In an interview with Maria Bartiromo that aired Sunday morning on Fox News’s “Sunday Morning Futures,” Trump said his political supporters are a close mirror of Harley’s customer base – and they are unhappy with any plan to expand overseas production. “Harley is an American bike” and “they should build them in this country,” he said.

Trump ordered an investigation of whether auto imports pose national security risks last month under a section of the same 1960s trade law used to impose levies on steel and aluminum. The administration is said to be considering auto tariffs of as much as 25 percent.

In Sunday’s interview with Fox, Trump said the tariffs are needed in part because of the European Union’s barriers to U.S.-built vehicles. “The European Union is possibly as bad as China, just smaller,” Trump said. “They send a Mercedes in, we can’t send our cars in.”

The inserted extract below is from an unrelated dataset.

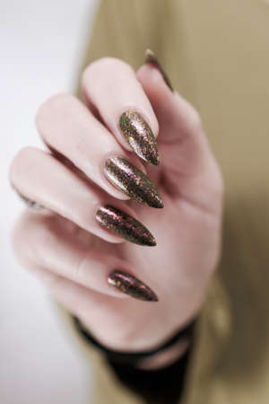 Female hand with trendy manicure. Nail design on a gold background closeup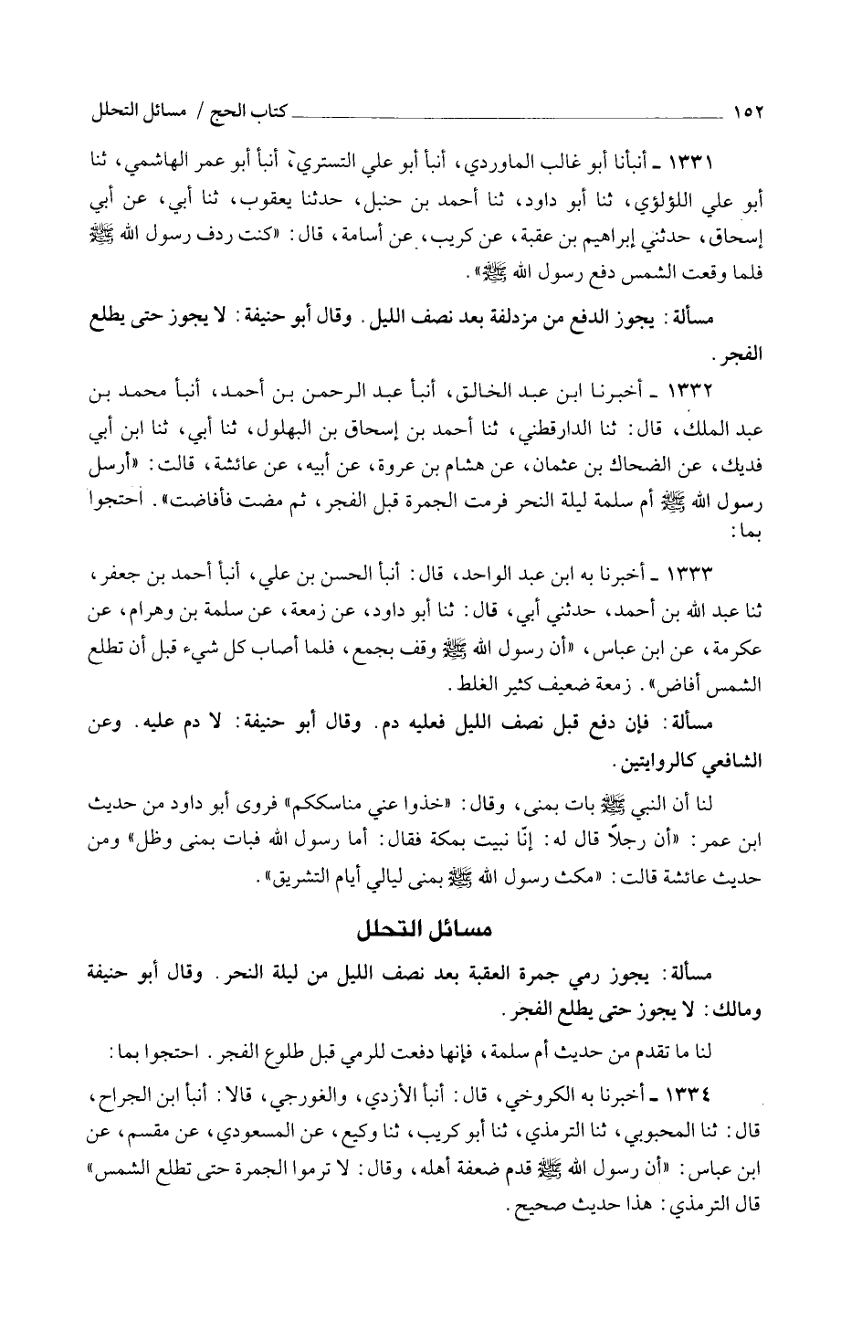 1331 - أَنْبَأَنَا أَبُو غَالِبٍ الْمَاوَرْدِيُّ أَنْبَأَ أَبُو عَلِيٍّ التُّسْتَرِيُّ أَنْبَأَ أَبُو عُمَرَ الْهَاشِمِي ثَنَا أَبُو عَليّ اللؤْلُؤِي ثَنَا أَبُو دَاوُد ثَنَا أَحْمَدُ بْنُ حَنْبَلٍ حَدَّثَنَا يَعْقُوبُ ثَنَا أَبِي عَنْ أَبِي إِسْحَاقَ حَدَّثَنِي إِبْرَاهِيمَ بْنِ عُقْبَةَ عَنْ كُرَيْبٍ عَنْ أُسَامَةَ قَالَ كُنْتُ رِدْفَ رَسُولُ اللَّهِ صَلَّى اللَّهُ عَلَيْهِ وَسَلَّمَ فَلَمَّا وَقَعَتِ الشَّمْسِ دَفَعَ رَسُولُ اللَّهِ صَلَّى اللَّهُ عَلَيْهِ وَسَلَّمَ

Trump told reporters aboard Air Force One on Friday afternoon that he expected the Commerce Department to complete the investigation “in three or four weeks.”

Under the trade statute, Ross has until February to conclude the inquiry. But people familiar with the matter said Trump wants the investigation to be finished before the midterm elections in November so he can use the tariffs to his political advantage.

The probe has raised alarm among manufacturers, parts suppliers and auto retailers because all major carmakers – including GM and Ford Motor Co. – import a substantial share of the vehicles they sell in the U.S. from other countries. Levies on parts also would have major implications for top models like the Ford F-150 pickup and Toyota Camry sedan by boosting prices by thousands of dollars.

GM fell 2.8 percent – to $39.40 – in New York on Friday, and has now posted three straight weekly declines, the longest such streak since March.

GM’s message came as a surprise because the company has kept close contact with the Trump administration, James Albertine, analyst with Consumer’s Edge Research told Bloomberg TV.

“So this came as a little bit of a shock to us,” he said, “as we thought they were working more along the lines of making sure the administration knows the severity of the impact tariffs would have.”

Barra had earlier tried to stay on good terms with Trump. She continued to serve on his Strategic and Policy Forum even after many other CEOs, such as Walt Disney’s Bob Iger and Tesla’s Elon Musk, quit to protest Trump’s withdrawal from the Paris climate agreement last year. The forum was disbanded in August following Trump’s tepid response to attacks by white supremacists in Charlottesville, Virginia.

Now, the Detroit-based maker of Chevrolet, Cadillac, Buick and GMC vehicles is warning that additional tariffs – on top of those recently slapped on steel, aluminum and Chinese products – could hurt GM and ultimately its customers. Higher prices would crimp sales, particularly to less-affluent consumers, and reduce the number of factory workers needed, it said.

If GM were to try to absorb the additional costs, it would have less money to invest in popular vehicles that sustain manufacturing jobs, or toward pivotal technologies including electric and self-driving cars.

“The threat of steep tariffs on vehicle and auto component imports risks undermining GM’s competitiveness against foreign auto producers by erecting broad brush trade barriers that increase our global costs, remove a key means of competing with manufacturers in lower-wage countries, and promote a trade environment in which we could be retaliated against in other markets,” the company said.

GM’s Chevrolet Silverado pickup was the top-selling model imported from Mexico last year, while the Chevrolet Equinox crossover was the leading vehicle sourced from Canada, according to LMC Automotive.

Just last week, GM announced plans to bring back the Chevy Blazer SUV later this year. The iconic American brand will be built at a plant in Mexico, a move that sparked angry comments from the United Auto Workers union. In its response, the UAW said that GM sells 80 percent of its Mexican-made vehicles in the U.S.

“GM imports a lot of pickup trucks from Mexico, so it’s a huge issue,” Alan Baum, an auto analyst in West Bloomfield, Michigan, said. “And for parts, it’s not just GM. Everyone imports a lot of electronics from Asia. Those are are high-value parts.”